Когда я взял свой первый урок поэзии, я почувствовал, что могу понять отношения между словами и формальными качествами языка таким образом, как я никогда не пойму музыку.
Я понял, что в музыке был интеллектуальный контент, что -то вроде мышления, которое я никогда не смогу услышать.
Мой первый MFA был в поэзии, и это было очень частью профессиональной траектории, ведущей к жизни в качестве профессора. Но во второй и третий лет в Гарварде я понял, что не хочу академической жизни.
Я чувствовал большую амбивалентность по поводу возвращения в аспирантуру для второй МИД. Импульс был на самом деле противоположным от того, что было более десяти лет назад: я хотел прервать карьеру.
У моей жизни было много подходящих вещей: прежде чем я изучал литературу, я был музыкантом и начал студент -консерваторию. Я начал изучать литературу на третьем курсе колледжа, когда я прошел курс поэзии с Джеймсом Лонгенбахом, который был довольно необычным. Это изменило мою жизнь.
Быть учителем средней школы было замечательным, но неустойчивым: мне нужен был выход.
Я вернулся в аспирантуру, потому что хотел избежать того, чтобы быть профессионалом, чтобы попытаться собрать вместе жизнь, которая позволила бы мне избежать гонки с преподаванием и обучения на полный рабочий день.
Академия - невероятно защищенный мир, и я думаю, что для писателей важно уйти из -под этого укрытия, по крайней мере, некоторое время, чтобы увидеть, как выглядит мир снаружи.
Для меня музыка всегда была вторым языком. У меня не было музыкального происхождения, и я начал учиться очень поздно, в четырнадцать.
Я не уверен, что любая повествовательная модель была для меня важнее, чем камерные оперы Бенджамина Бриттена.
Я понял, что жизнь музыканта, даже очень счастливого, очень успешного музыканта, не была на самом деле той жизни, которую я хотел: я ненавижу путешествия, я ненавижу жить из чемоданов, я ненавижу постоянную тревогу быть на сцене.

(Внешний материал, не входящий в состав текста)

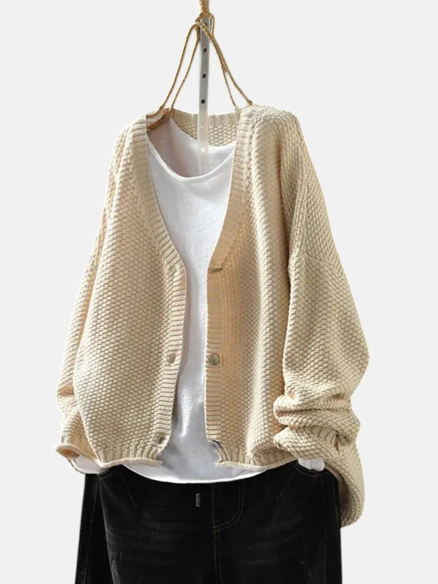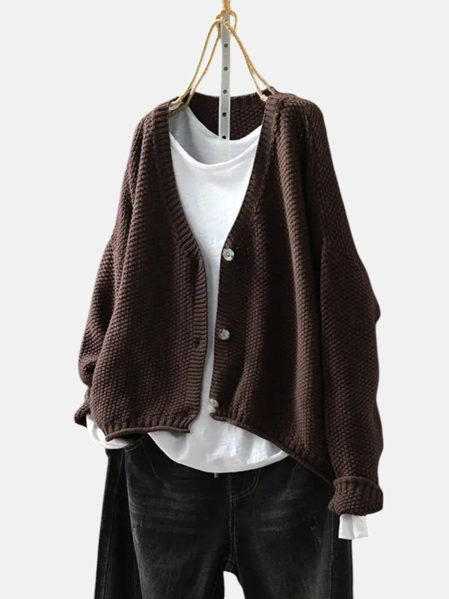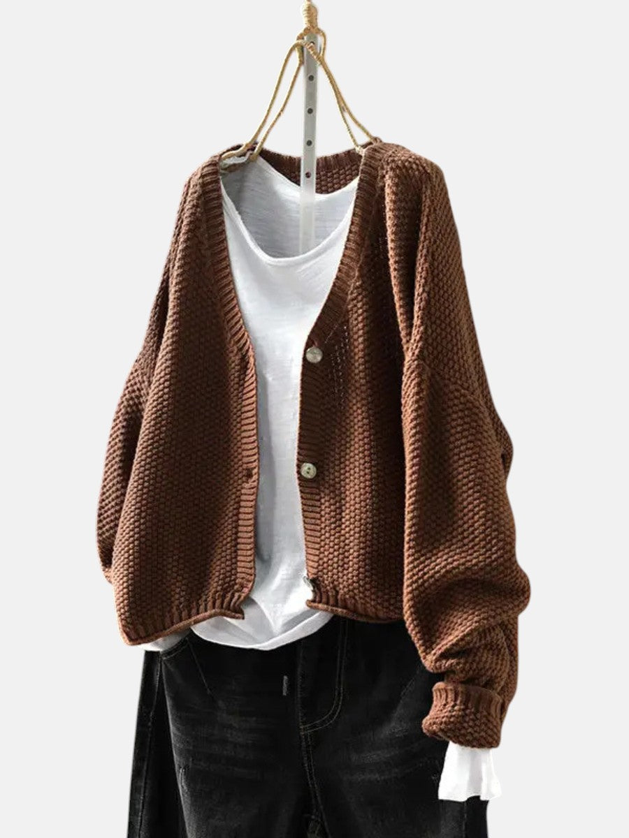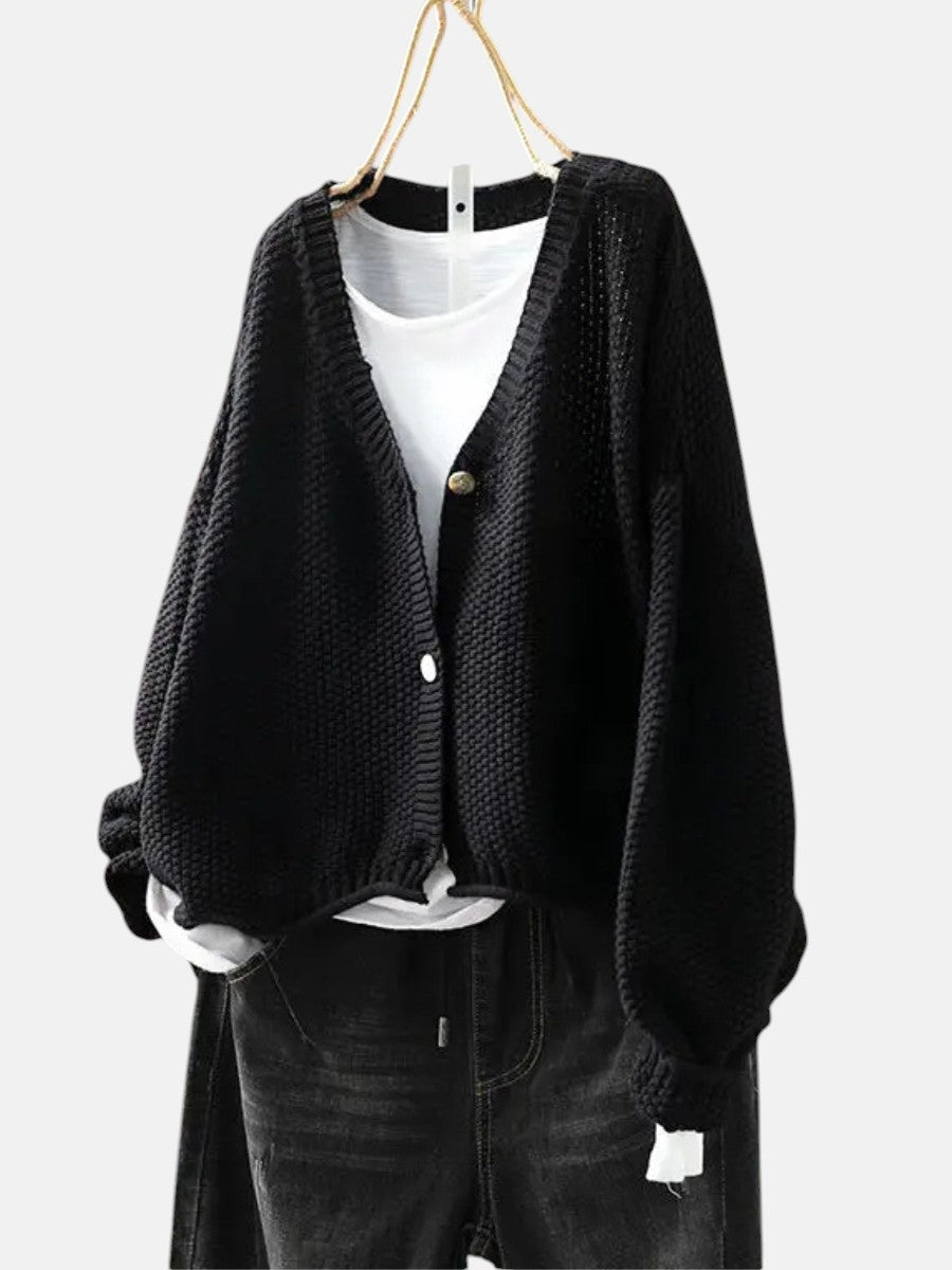 Плетеният кардиган Корали е идеалният лек, но уютен слой за всекидневно носене. Със своята мека плетена материя, свободен силует и V-образно деколте, той е перфектен за ветровити пролетни сутрини и хладни есенни вечери.

Я полагаю, что я сделал много разных видов выступлений в разное время - оперное пение, чтение стихов, не в последнюю очередь обучение в старшей школе - и мне это нравится, по крайней мере, иногда. Но я нахожу это невероятно вызывающим беспокойство и утомительным. Конфиденциальность более благоприятно, и я схожу с ума, если не могу тратить большую часть каждого дня или почти каждый день в одиночестве. Конечно, я должен быть один, чтобы написать.
Там, где роман использует материал из моей жизни, он делает это, потому что он эстетически удобен, а не из -за какой -либо верности, который он имеет для каких -либо проверенных фактов.
Я думаю, что призыв к книге научной литературы подтверждает своего рода ответственность за попытку истины.
Я получаю удовольствие как читатель в книгах, которые дразнят с какой -то срочностью реальной, даже если это только промышленное эффект.
Я часто говорю, что Бернхард, WG Sebald и Javier Maras - моя стилистическая святая троица, прозаистые писатели, которые поражают меня своей нотацией сознания и голоса.